Votre nouvel album « Sé’w nou enmé » (« C’est toi que nous aimons ») est déjà un hommage à Jacob…
Absolument, ce n’est pas un album de chansons nouvelles. C’est le live du concert de Bercy. D’ailleurs, il n’y a pas que Jacob, qui ne soit plus sur scène avec nous, puisque Jean-Philippe Marthély a fait un AVC. On a été obligés de remplacer deux personnes, deux voix essentielles, celle de Jacob et de Jean-Philippe. Il y a des chansons, évidemment, sur lesquelles il y a des arrangements nouveaux. Je peux en chanter certaines mais d’autres pas. Donc, Jean-Claude Naimro qui est notre pianiste s’est prêté au jeu. À présent, il chante également et il a pris à bras-le-corps toutes les chansons de Jacob. On a invité aussi un chanteur de Guadeloupe qui s’appelle Patrice Hulman. Et puis un guitariste, évidemment, puisque Jacob était d’abord et avant tout un guitariste. C’est également un jeune de Guadeloupe Karim Verger qui nous a rejoints.

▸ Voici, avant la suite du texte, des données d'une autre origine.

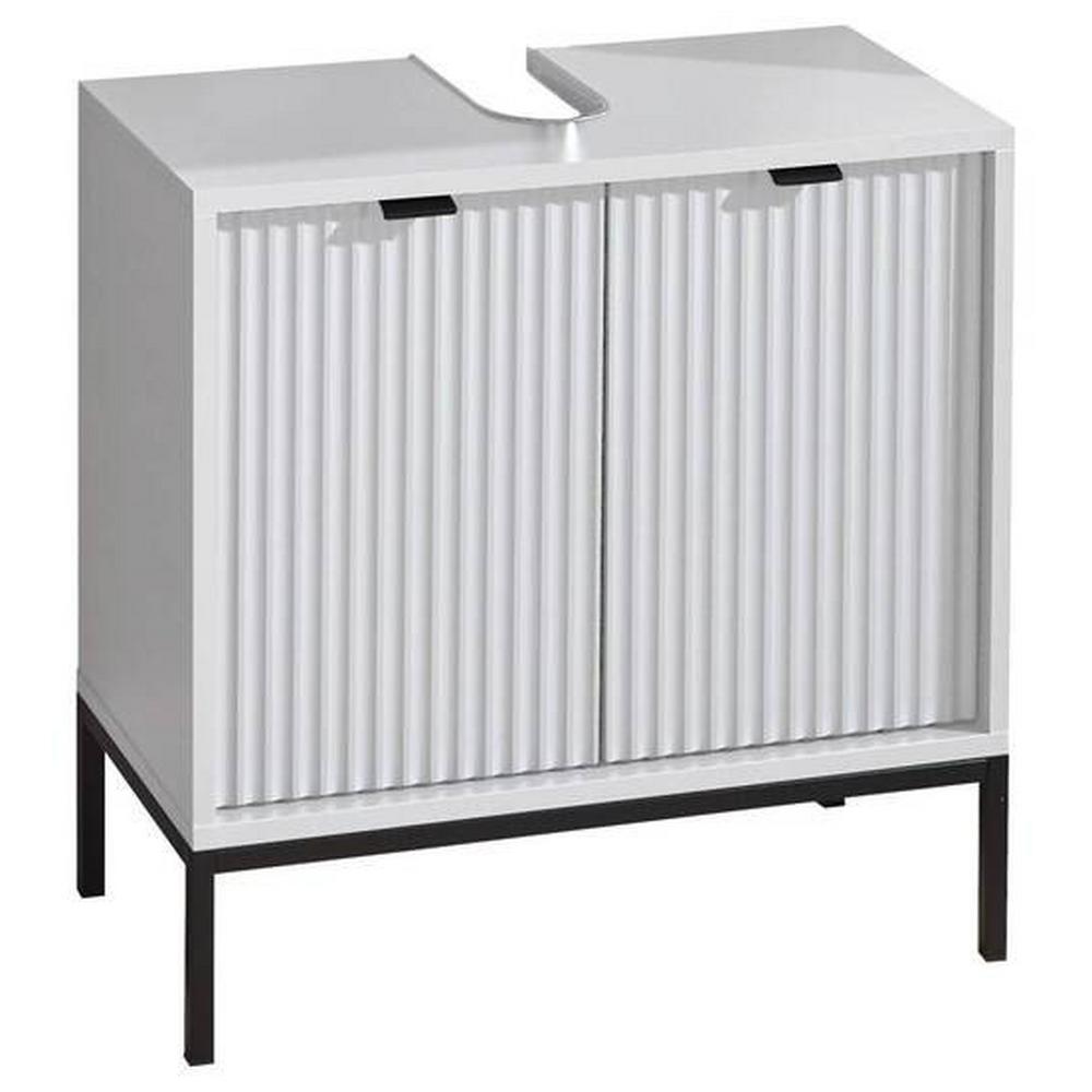 Táto toaletná skrinka MID.YOU v bielej farbe vnesie do vašej kúpeľne pokoj a poriadok. Nábytok s rozmermi cca 60 x 60 x 32 cm (š x v x h) má dostatok priestoru vďaka kovovým nožičkám vo výške cca 15 cm v abielaj farbe. Vďaka tomu sa pod nábytkom napríklad ľahko čistí.Matná biela farba a žalúziový vzor na 2 otočných dvierkach, ktoré tvoria prednú časť, pôsobia čisto a neprehliadnuteľne. Skvelý spôsob, ako uložiť uteráky, čistiace prostriedky, tuby, fľaše, krémy alebo toaletný papier.Za dvierkami, ktoré sa otvárajú pomocou úchytky na hrane, sa nachádzajú 2 priehradky, ktorých veľkosť možno variabilne nastaviť pomocou poličky. Jedno je isté: táto toaletná skrinka v bielej farbe nielenže upratuje vaše domáce kúpele, ale aj zabezpečuje prehľadné usporiadanie miestnosti!
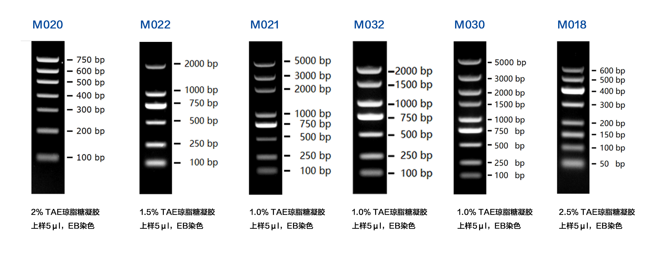 本產品為預混有 1x 上樣緩沖液的即用型 DNA 分子量標準,由 7 條線狀雙鏈 DNA 條帶組成,適用于對 100-750 bp的雙鏈 DNA 分子大小的估算和粗略定量。本產品的 7 條帶和濃度分別為 750 bp(15 ng/ul)、600 bp(12 ng/ul)、500 bp(10 ng/ul)、400 bp(8 ng/ul)、300 bp(6 ng/ul)、200 bp(8 ng/ul)、100 bp(10 ng/ul)。
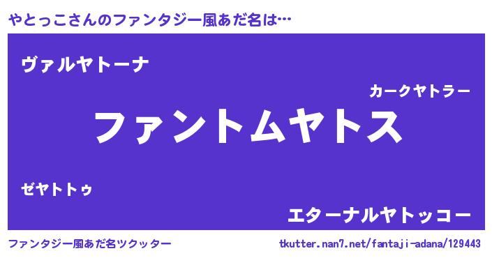 | ヒーロー風カッコイイあだ名 | 『暗黒騎士ヤト』『仮面ヤトダー』 |
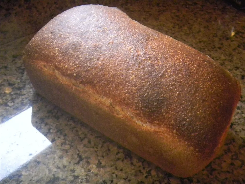 I’m looking for any excuse to make bread even if I can’t eat it as much as I would like – at least not yet at any rate. My wife was out of her store bought, fake, whole wheat Oroweat bread that she loves so much so I was able to bake her a loaf of SD and poolish bread to tide her over.
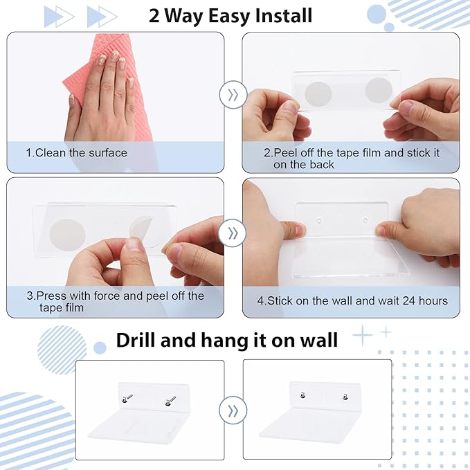 - 【2 Methods to Install】: There are two available ways to hang this small floating shelf with strips or screws. No tools required. Such easy installation can be done in a second.

Depuis 45 ans, vous faites danser la planète au son du zouk que vous avez rendu populaire. C’est une fierté ?
Nos musiques sont dansantes mais d’ailleurs la musique en général fait danser. On n’est pas originaux. Je veux dire, quand vous écoutez du rock’n’roll, les gens dansent. Même la musique classique se danse. La musique est faite pour s’exprimer, pour faire passer des émotions. On a choisi de faire des chansons gaies. Mais ce ne sont pas des chansons uniquement pour amuser la galerie. C’était au départ des chansons pour pouvoir exister. Parce qu’en fait, on vient d’un petit pays isolé où il n’y a pas d’école de musique mais où les gens aiment la musique qu’ils apprennent souvent seuls. Alors, sans les meilleurs studios du monde, sans les meilleurs ingénieurs du monde, il était question pour nous de nous mettre au niveau mondial, tout simplement. De dire, on est tout petits mais on existe. C’était ça le challenge. Trouver un nouveau style. Être original.
À quoi attribuez-vous ce succès qui a perduré malgré le renouvellement du groupe ?

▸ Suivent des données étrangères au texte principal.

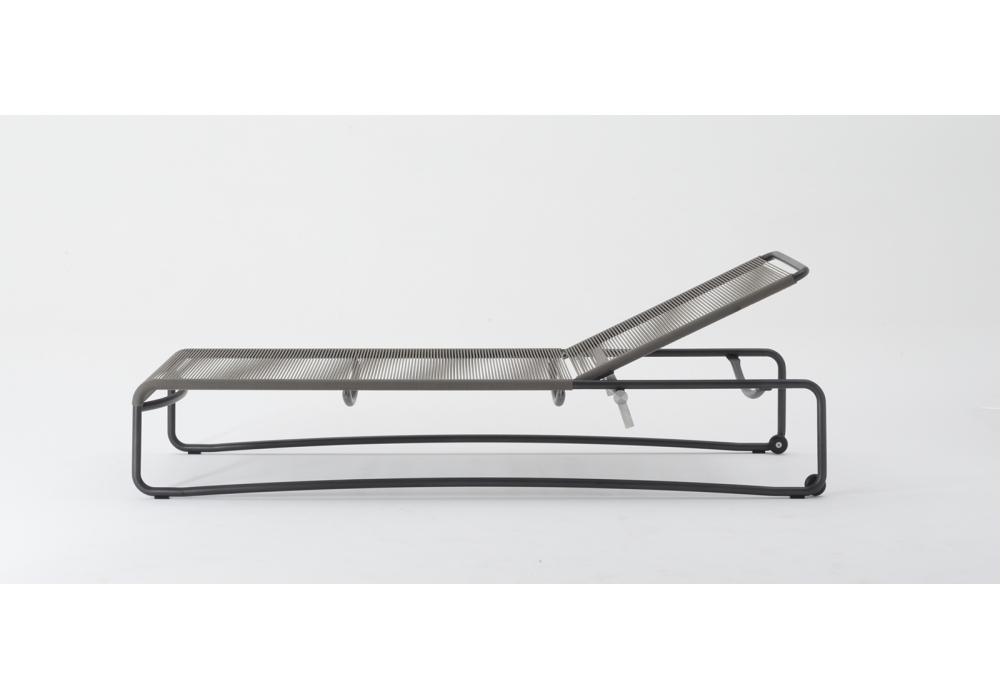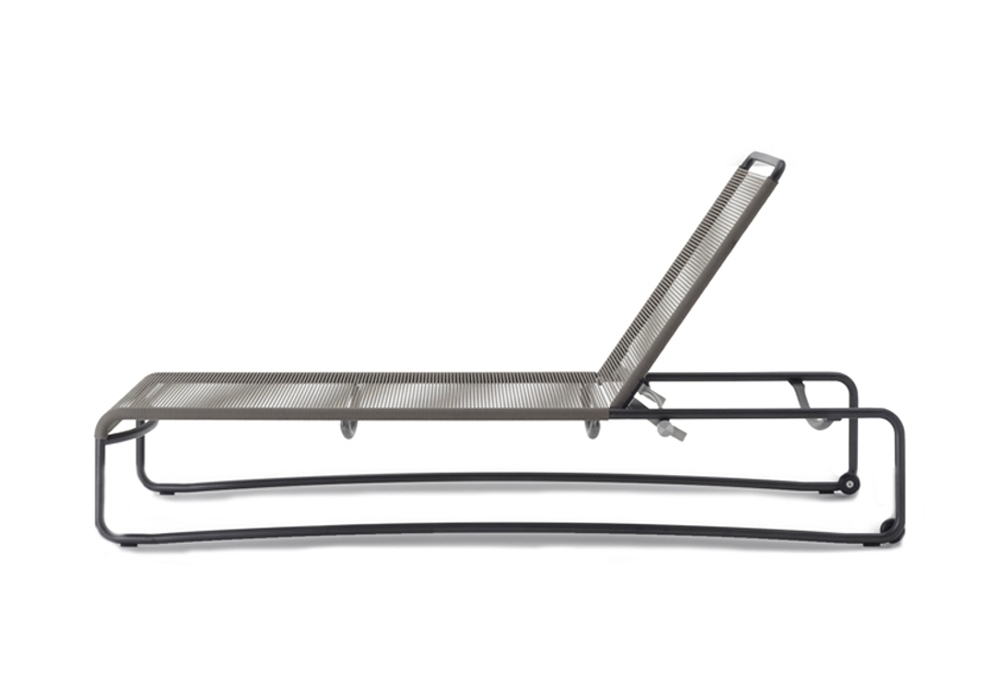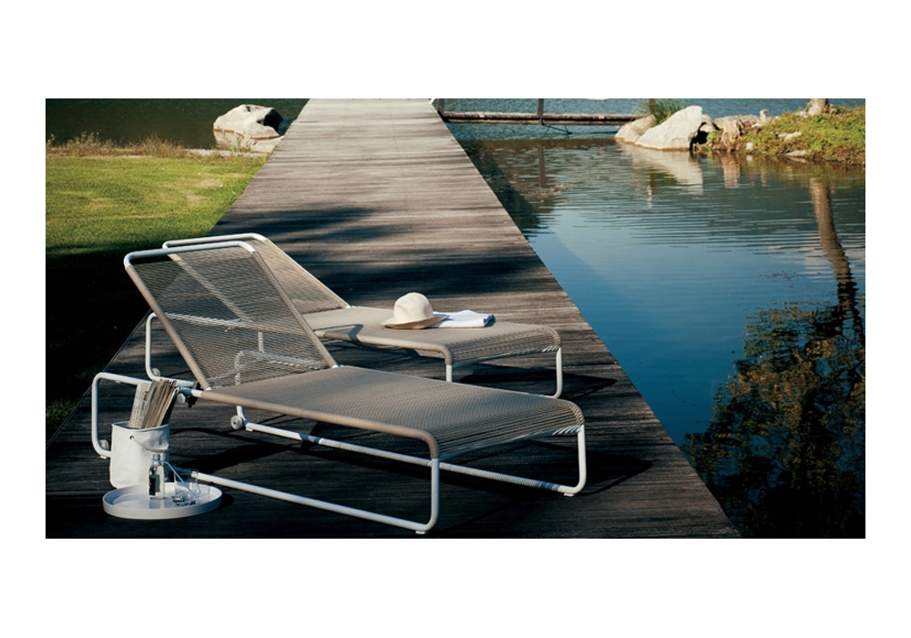 Harp 304 is an outdoor sunlounger deisgned by Rodolfo Dordoni for Roda. The classic string chair finds a new outdoor dimension, where polyester trails its infinite filaments around a tubular stainless steel structure in one continuous outline. Harp is a celebration of a craft manufacturing: a never-ending weave of cords that twine the stainless steel frame drawing lines that look continuous to the human eye. The structure is made in stainless steel welded by hand, and the cords are in a double polyester twisted thread with a cotton finishing. Reclining back: 3 positions.
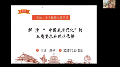 公司青年教师王乾宇以《不断推进马克思主义中国化时代化——学习党的二十大精神》为题,生动形象地带领学员们深入学习了马克思主义中国化时代化历程。

Je pense que c’est surtout l’originalité de notre musique. Le zouk a été bien trouvé quelque part parce qu’on se sert de la sonorité du ti-bois qui est une percussion en bambou. C’est ce qui tient la plupart des rythmes de chez nous et qui est utilisé dans un tas de musiques dans le monde aujourd’hui. C’est-à-dire que le zouk a ouvert des portes et il y a plein de gens qui composent, qui appellent leur musique autrement, mais quand j’écoute, je souris parce que je sais d’où ça vient.

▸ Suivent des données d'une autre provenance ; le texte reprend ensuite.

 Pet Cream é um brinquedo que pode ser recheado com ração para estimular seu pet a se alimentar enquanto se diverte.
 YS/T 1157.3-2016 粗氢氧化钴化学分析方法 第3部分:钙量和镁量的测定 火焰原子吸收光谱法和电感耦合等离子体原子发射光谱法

Je voudrais dire aussi qu’on est toujours là parce qu’on a choisi de faire des morceaux gais pour rassembler les gens. Parce que ça fait du bien. On a envie de faire de ce monde un monde un peu plus vivable. Qu’on se regarde et qu’on se dise que c’est possible avec une musique qui va donner aux gens envie de se lever, envie de danser, envie d’avancer. Tout en sortant de l’image des cocotiers, des jolies filles, de la biguine, doudou, oui, c’est bon, c’est sucré, ça sent la vanille. Et il fallait sortir de ça.